13.    Injunctive Relief; Specific Performance. Consultant hereby expressly agrees and acknowledges that a breach by Consultant of any of Consultant’s obligations under Section 5 hereof would result in severe and irreparable injury to the Company or its subsidiaries, which injury could not be adequately compensated by an award of money damages, and Consultant therefore agrees and acknowledges that the Company shall be entitled to injunctive relief in the event of any such breach of this Agreement, or to enjoin or prevent such a breach. Consultant further expressly waives any requirement or obligation of the Company to post any bond or provide any other security in connection with obtaining such injunctive relief.
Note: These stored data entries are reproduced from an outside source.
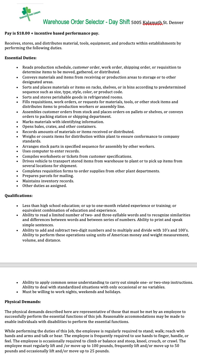Warehouse Order Selector-Day Shift @ Shamrock Foods Company in Denver
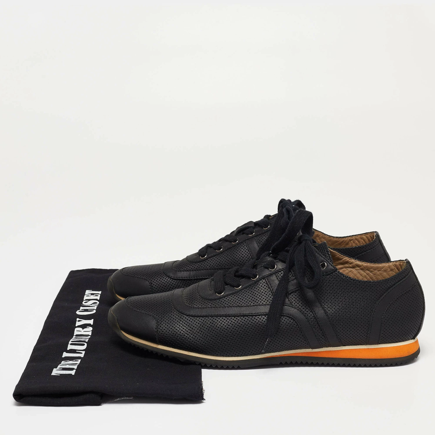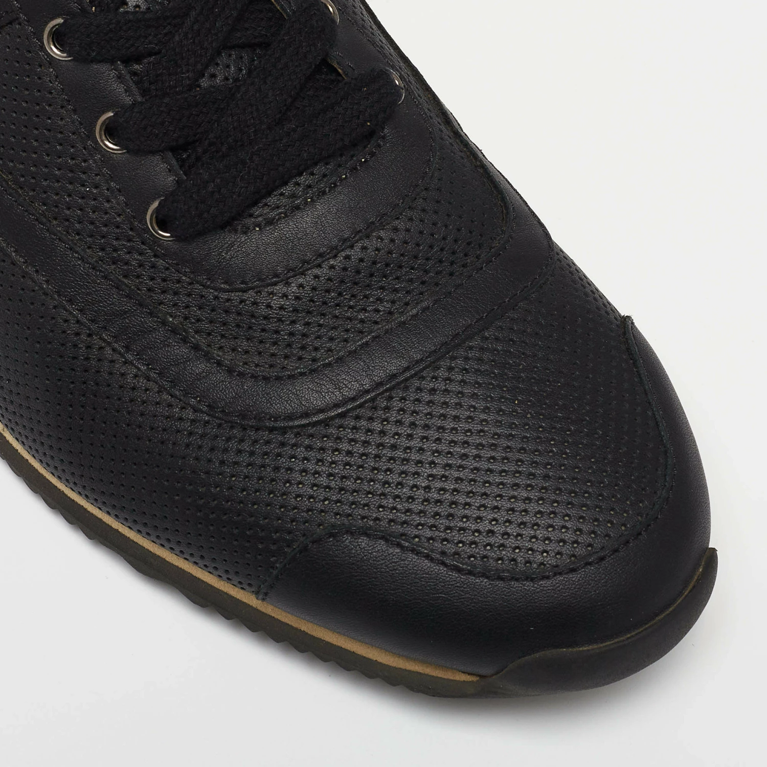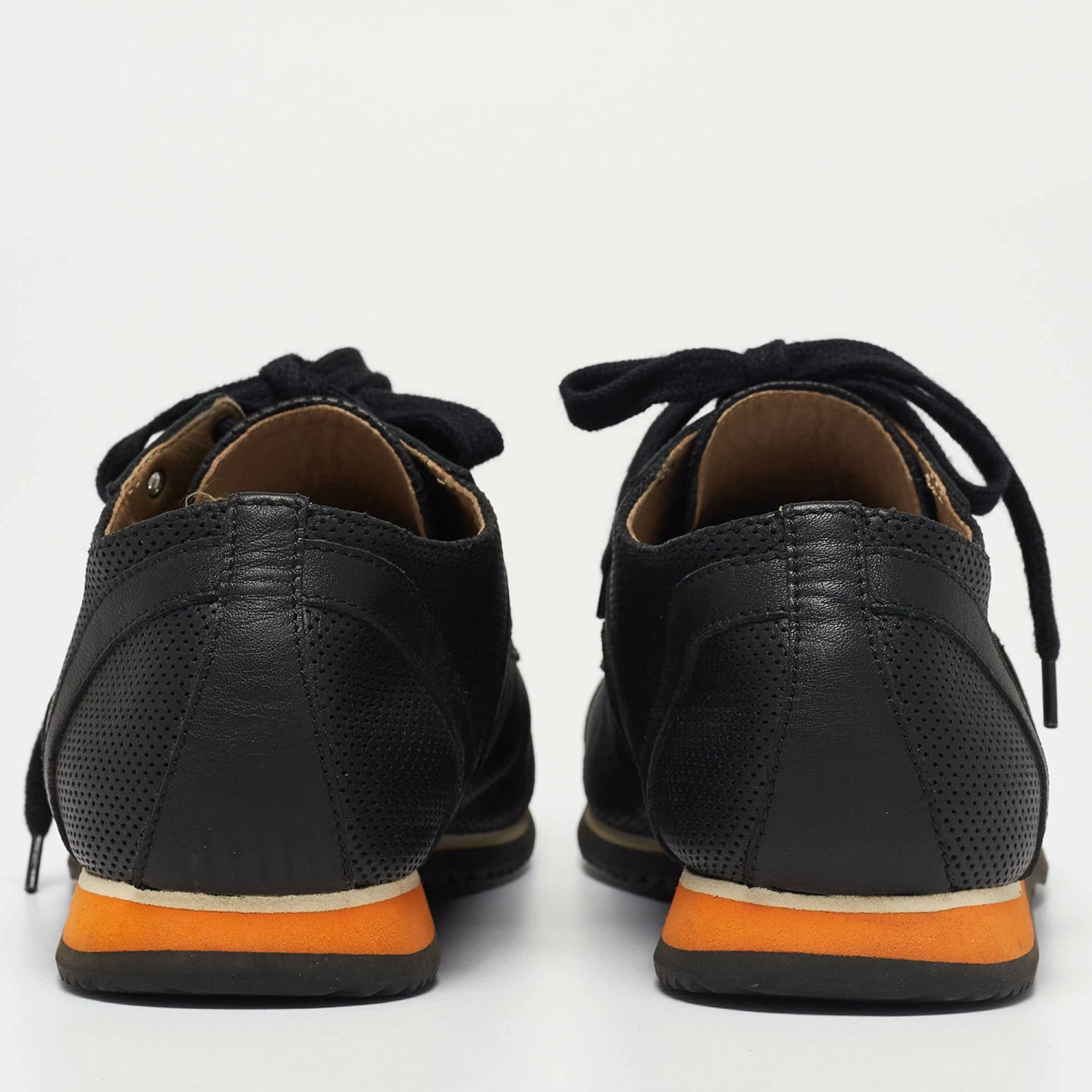 Delivered in a classic low-top silhouette, these Hermes sneakers are a seamless combination of luxury, comfort, and style. They are made from leather in a black shade and added with perforated details, laced-up vamps, and comfortable soles.
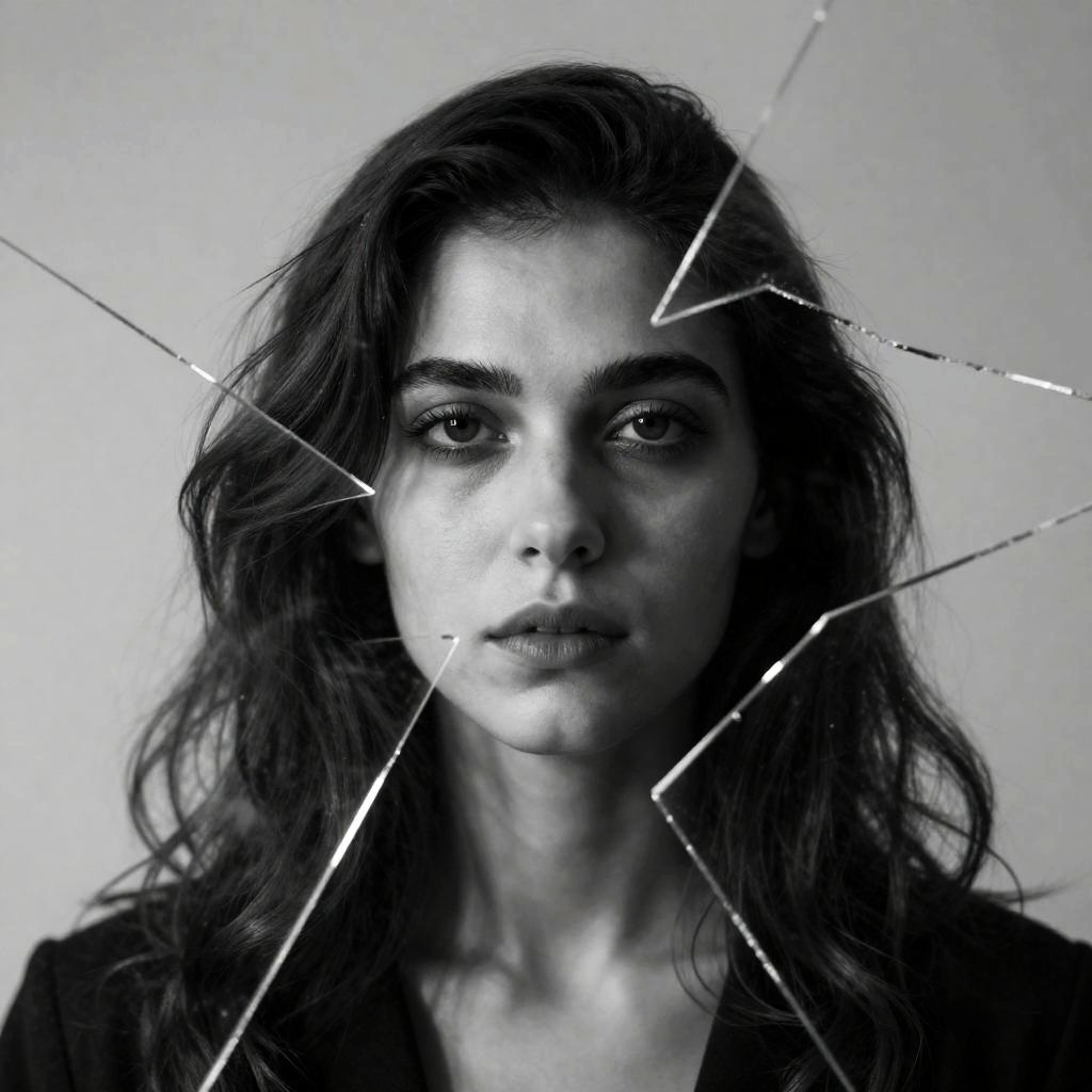 This is a high-contrast, black-and-white digital portrait of a woman with dark, wavy hair. Her face is partially obscured by broken, jagged glass fragments that are scattered across the image. The background is a textured, abstract pattern, adding depth and intensity to the composition. Her expression is neutral, and the lighting creates dramatic shadows, enhancing the overall moody, surreal atmosphere.
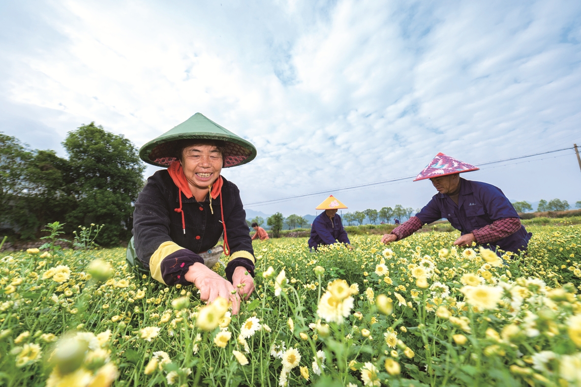 11月10日,在浙江省武义县白姆乡金坛村杭白菊种植基地,工人们忙着采收盛开的杭白菊。
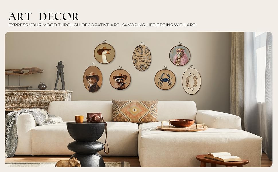 VERSATILE & TRENDY HOME DECOR:Featuring a unique design that blends trendy elements and seasonal styles, this oval wall art incorporates boho, mid-century modern, western, farmhouse, minimalist, and vintage aesthetics. Suitable for living rooms, bedrooms, bathrooms, kitchens, offices, dorms, entryways, nurseries, and playrooms, it adds a touch of charm and personality to any space.
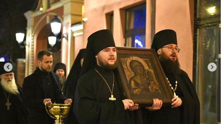 Вчера иноки прошли по окружающим монастырь тротуарам с древней Влахернской иконой Богоматери. Они возносили молитвы и окропляли территорию обители и окружающие ее стены святой водой. Кроме 8 насельников монастыря, в крестном ходе больше никто не принял участие.
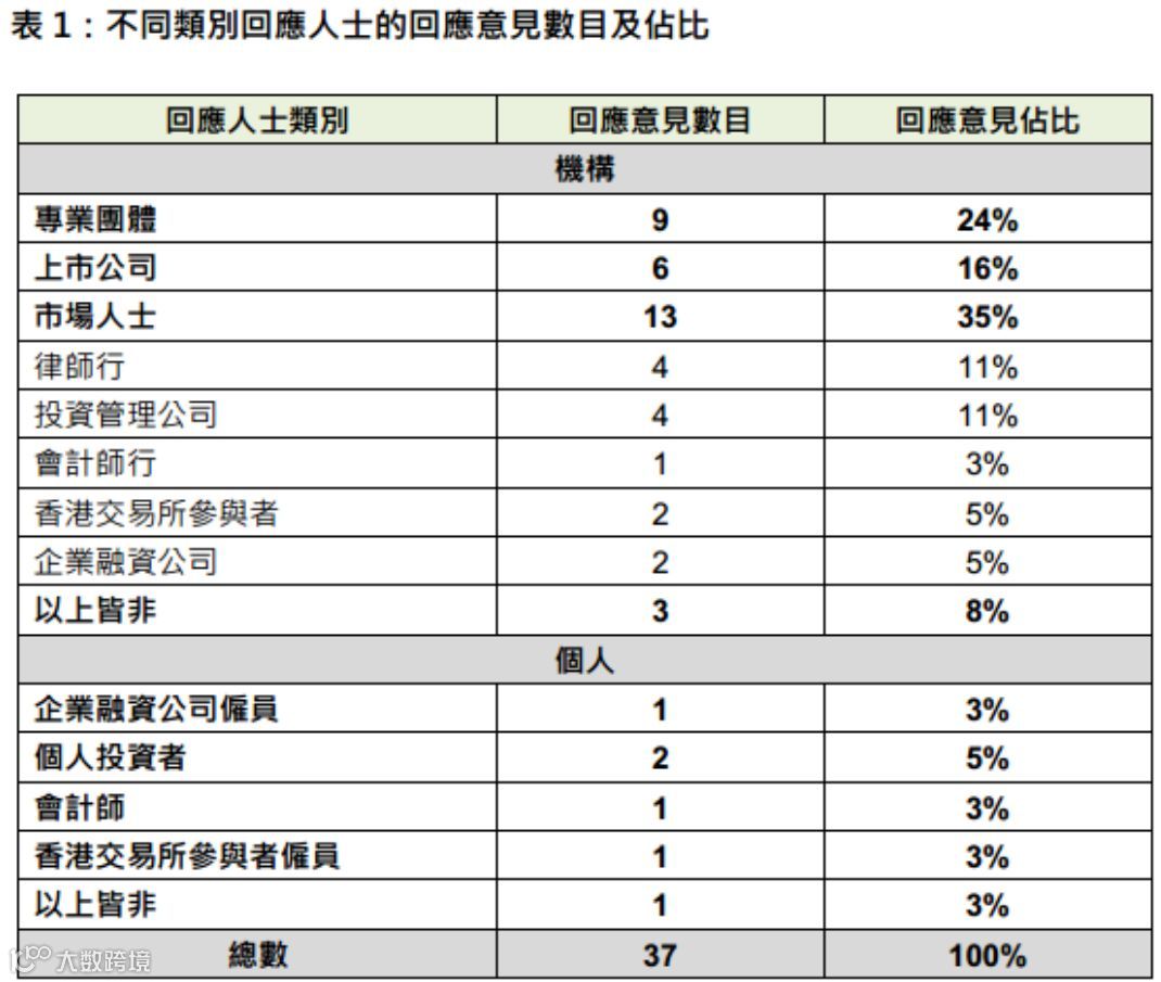 记者获悉,港交所此次共收到 43 份回应意见,分别来自专业团体、市场参与者、上市发行人、业界组织、其他公司实体及个别人士。所有建议均得到大部分回应人士(约 70%或以上)支持 。
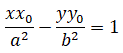 Nel caso in cui il punto P(x0, y0) appartenga all'iperbole si può usare la formula di sdoppiamento che permette di ottenere direttamente l'equazione della retta tangente all'iperbole in quel punto utilizzando l'equazione:
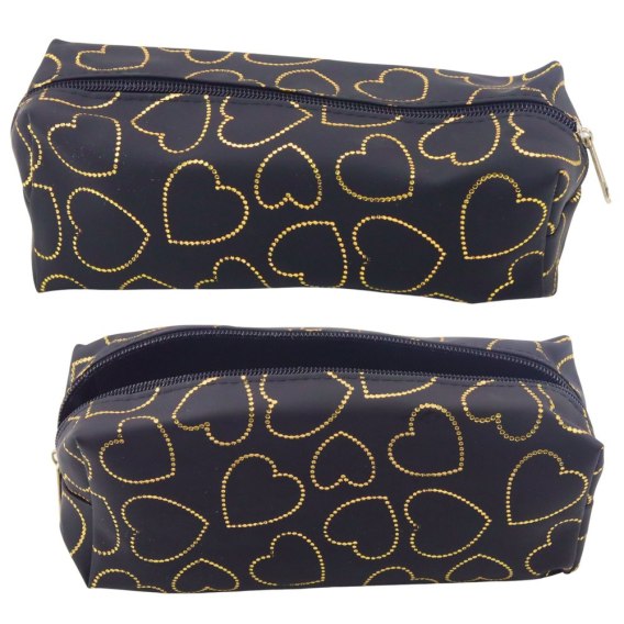 Stylowy i funkcjonalny piórnik w eleganckim czarnym kolorze, ozdobiony subtelnym wzorem złotych serc, to doskonały wybór dla uczniów, studentów i każdego, kto ceni praktyczne dodatki z modnym akcentem.
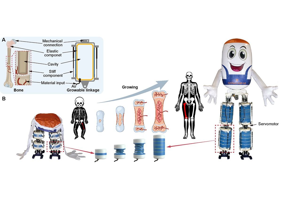 Adicione a isso a possibilidade de deitar. Mas se um osso humano em crescimento cresce pouco a pouco e não pode voltar atrás, o deste robô chamado GrowHR pode crescer e contrair-se indefinidamente. Assim, o tamanho desse bípede artificial pode passar de 49cm de altura para 1,36m – um ganho de tamanho de 278%. Por trás dessa façanha, um dispositivo expansível composto por câmaras infláveis, que dá ao conjunto… um ar de acordeão!

IN WITNESS WHEREOF, the parties have duly executed this Agreement as of the day and year first above written.
 
“Company”
PENTAIR LTD.

/s/ Angela D. Lageson____________
Angela D. Lageson
Senior Vice President, General Counsel and Secretary
 
“Consultant”

/s/ Charles A. Haggerty
Charles A. Haggerty





EXHIBIT “A”
SERVICES
1.    Description of Services.
(a)
Consultant will attend a quarterly conference call with the Company to discuss strategic and business issues, including but not limited to information technology, enterprise risk management, business operations or other matters.
(b)
Consultant will make himself reasonably available to provide such other consulting services relating to strategic and business matters as the Company reasonably requests.
(c)
Consultant generally may perform his duties by telephone, email or use of other technology, provided that, upon reasonable notice from Company, Consultant shall make himself available to travel as necessary to perform the services described above. If any such travel is required, the Company shall reimburse Consultant for all reasonable travel expenses incurred.



EXHIBIT “B”
FEES
1.
Quarterly compensation of $5,000, payable as soon as practicable after the end of each quarter during the Term, in arrears.
2.
Reimbursement of reasonable business expenses incurred and substantiated in accordance with the Company’s policies governing reimbursement of such expenses.